Recinto de Santos y Muertos. (EL Cuartito de los Santos)

Recinto de Santos y Muertos. (EL Cuartito de los Santos)

Encerrado, jadeando sin inhibirse debido a la ausencia de testigos, agachó para obrar en la sofocante atmósfera.

El profuso sudor de sus manos humedecía los palos de fósforos, hasta que finalmente logró encender uno, estando más agitado.

Dominado el estremecimiento acercó la llama al cirio que reposaba sobre la repisa, apagado.

Ignoro el motivo de la baja altura del velador, eran preguntas que no se hacían; siendo una mujer alta quien lo servía, ella misma lo dispuso a tan bajo nivel.

En estadios de consternación las razones de conveniencia se apartan; eso lo experimenté cuando penosamente discurría mi agonía.

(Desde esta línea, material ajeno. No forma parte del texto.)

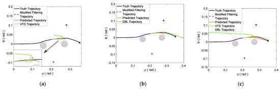 Comparison of lateral prediction effect among different methods: (a) is the lateral prediction effect of VTC method; (b) is the lateral prediction effect of DBL method; and (c) is the long-term lateral prediction effect.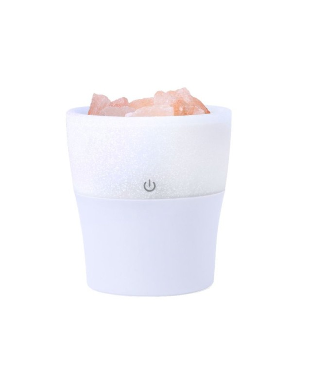 Elegante e decorativo umidificatore, con diffusore aromatico integrato con sale dellHimalaya. Con luce LED multicolore e vaporizzazione continua. Serbatoio da 150 ml, utilizzabile in ambienti fino a 25 m2, e cavo di alimentazione USB. Include 10 ml di aroma di lavanda. Presentato in una scatola kraft di design. - Diametro: 9 cm - Peso: 240 gr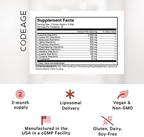 This BCAA powder (branched-chain amino acid) and EAA powder (essential amino acid) supplement utilizes a liposomal delivery system to help enhance the bioavailability of the amino acids. Codeage EAA supplement formula provides L-Leucine, L-Lysine HCL, L-Isoleucine, L-Valine, L-Threonine, L-Phenylalanine, L-Methionine, L-Histidine, L-Cystine, L-Tyrosine in their free-form, as well as L-Tryptophan.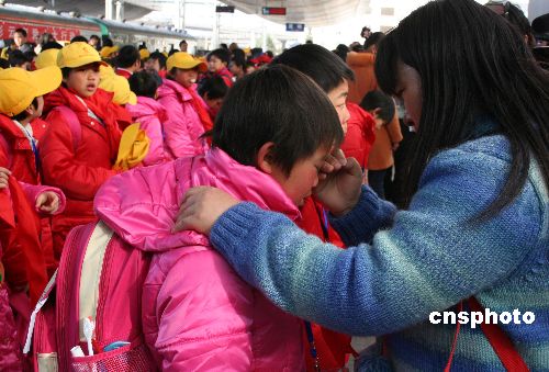 图:汶川地震灾区儿童泪别云南返家乡(2)——中新网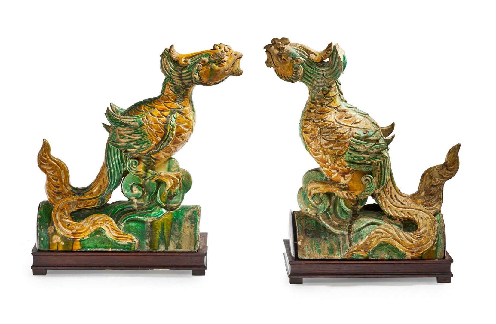 Deux tuiles faîtières en grès émaillé vert et ocre, représentant des oiseaux fenghuang.

El calor asfixiante y molesto que levanta las tardes de verano en tan reducido espacio, también lo sufrí en cuerpo; al igual que éste ser; ahora mirando la llama trasmitida a la vela que apagará antes de irse.

Aún no se por qué vuelvo a este velatorio, donde el interés de encender luces obedece algún tipo de comportamiento irracional. Aunque en nada eso me afecta, supongo me atrae un hálito de intimidad que se mantiene en el cuartito, acá encerrando restos de rezos y plegarias.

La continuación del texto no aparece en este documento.